Final answer:
To determine the pressure difference between two points in an inviscid flow field, we can use Bernoulli's equation. By finding the velocity components at each point and substituting them into Bernoulli's equation, we can calculate the pressure difference. We can find the velocity components using the derivative of the velocity potential function.
Step-by-step explanation:
To determine the pressure difference between points (1, 2) and (3, 3), we need to apply Bernoulli's equation. Bernoulli's equation states that the sum of pressure, density, and velocity remains constant along a streamline in an inviscid flow. In this case, we are given the velocity potential function phi = -(3x² y - y³).

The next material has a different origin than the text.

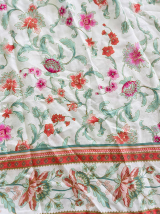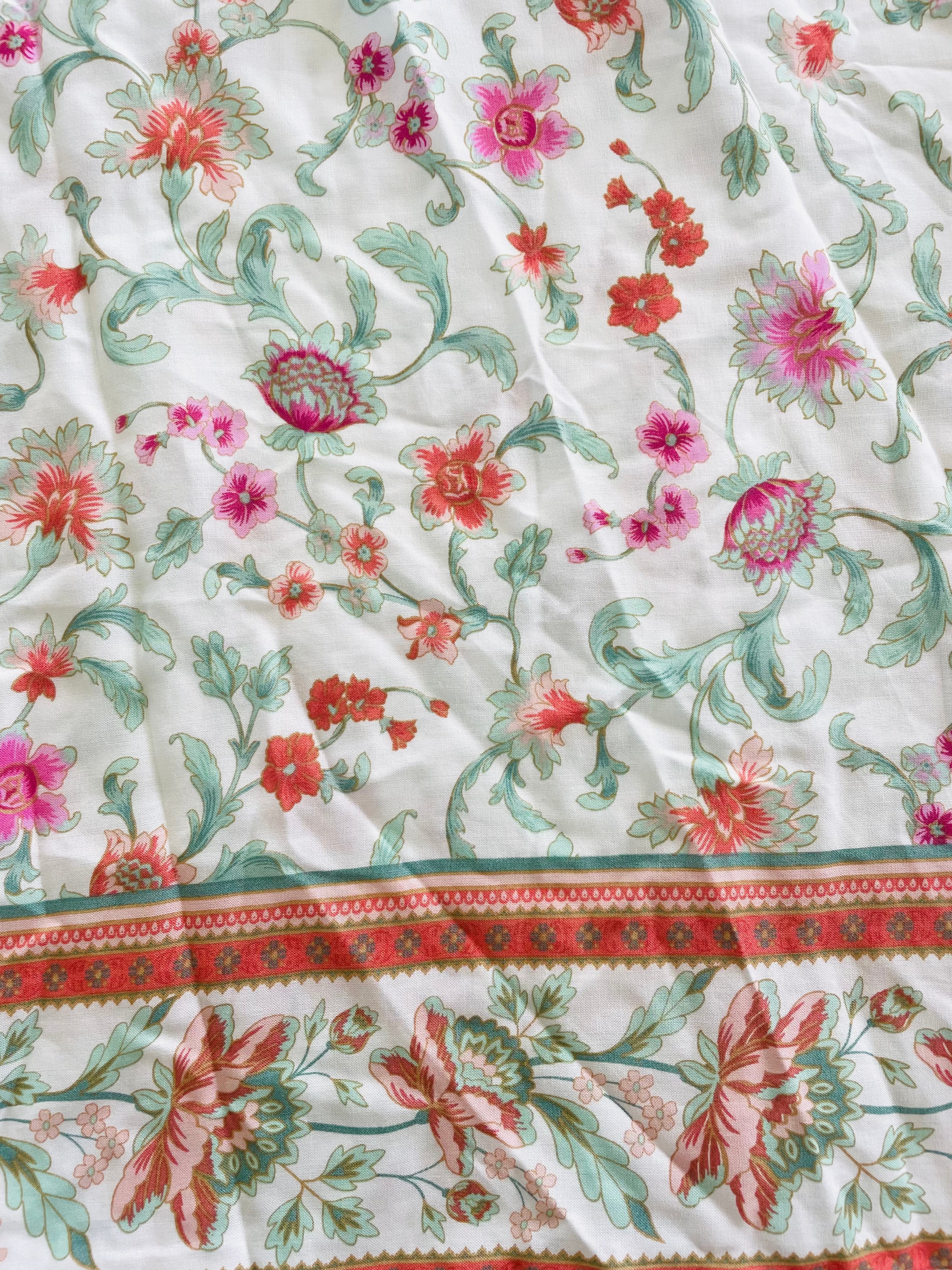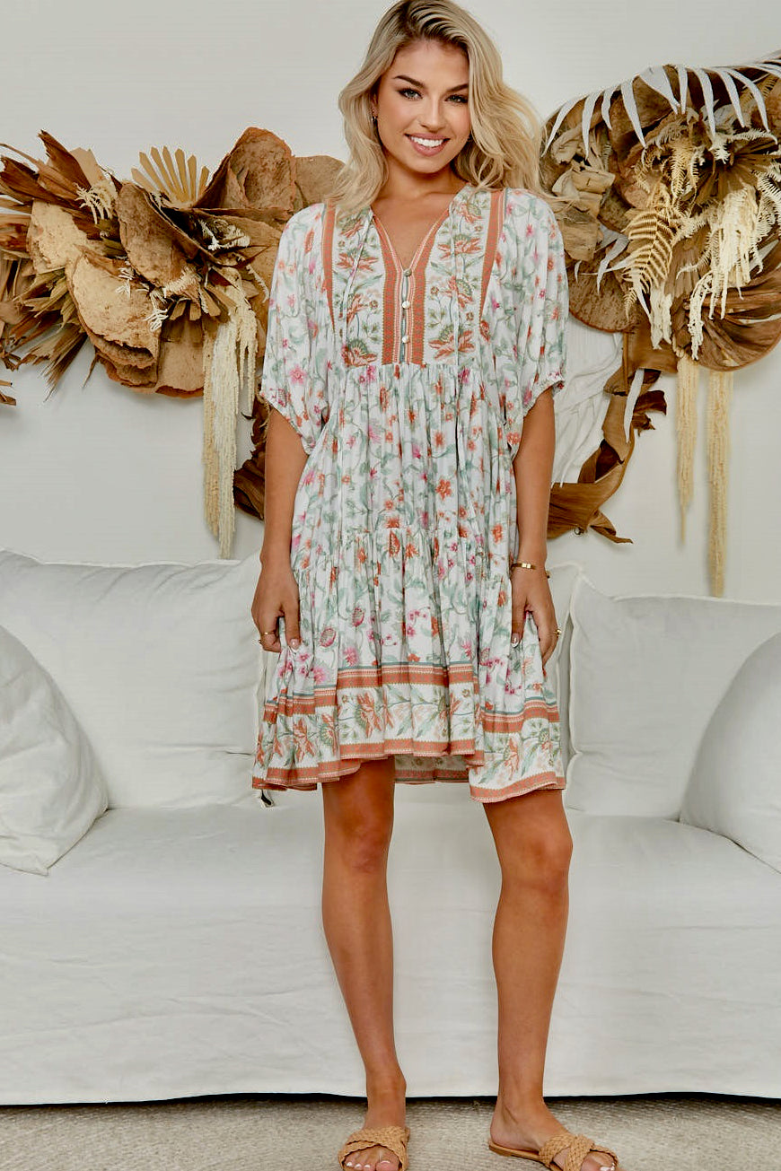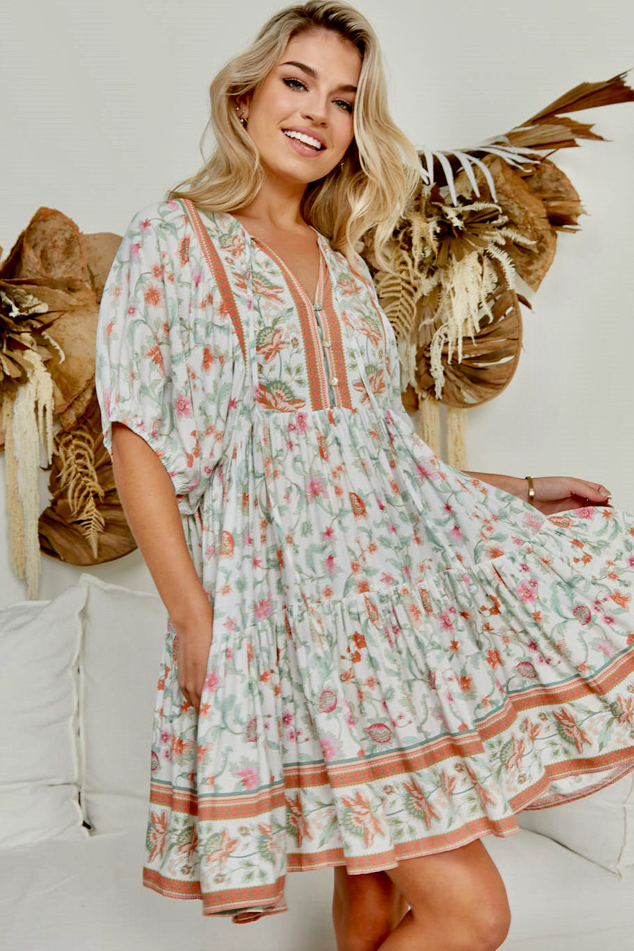 The midi dress features a beautiful boarder print neckline with piping detailing around the bust. The pattern is a gorgeous soft orange, pinks and greens with a pretty floral pattern. We love to pair this boho beauty with boots for a casual outing or sneakers for a day of shopping. Wear as a relaxed fit dress or team with a belt.
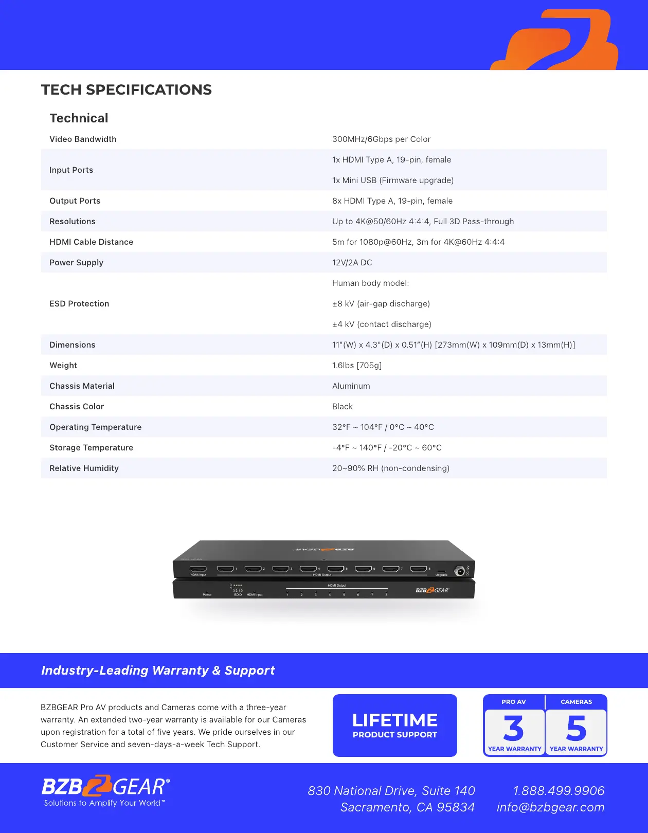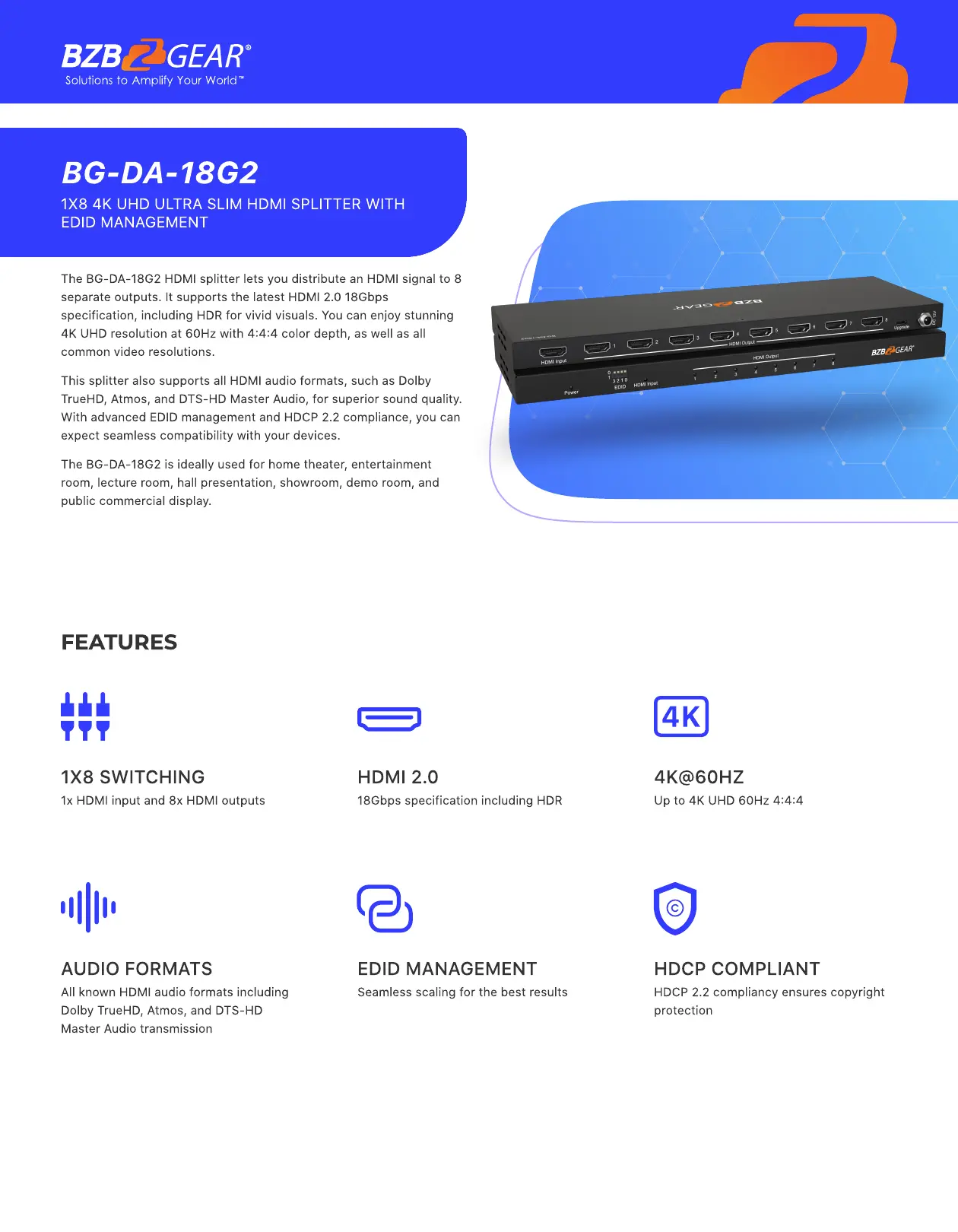 The BG-DA-18G2 HDMI splitter lets you distribute an HDMI signal to 8

First, let's find the velocities at the two points. We can find the velocities by taking the derivatives of the velocity potential with respect to x and y. The velocity components are given by:
Vx = -d(phi) / dx = 6xy
Vy = -d(phi) / dy = 3x² - 3y²
Next, we can plug in the coordinates of the two points into the velocity components and use them to calculate the velocities at each point. Then, we can use Bernoulli's equation to find the pressure difference between the two points. The equation is:
P₁ + 1/2ρ(V₁²) = P₂ + 1/2ρ(V₂²)
By substituting the values of velocities at each point and rearranging the equation, we can solve for the pressure difference between the two points.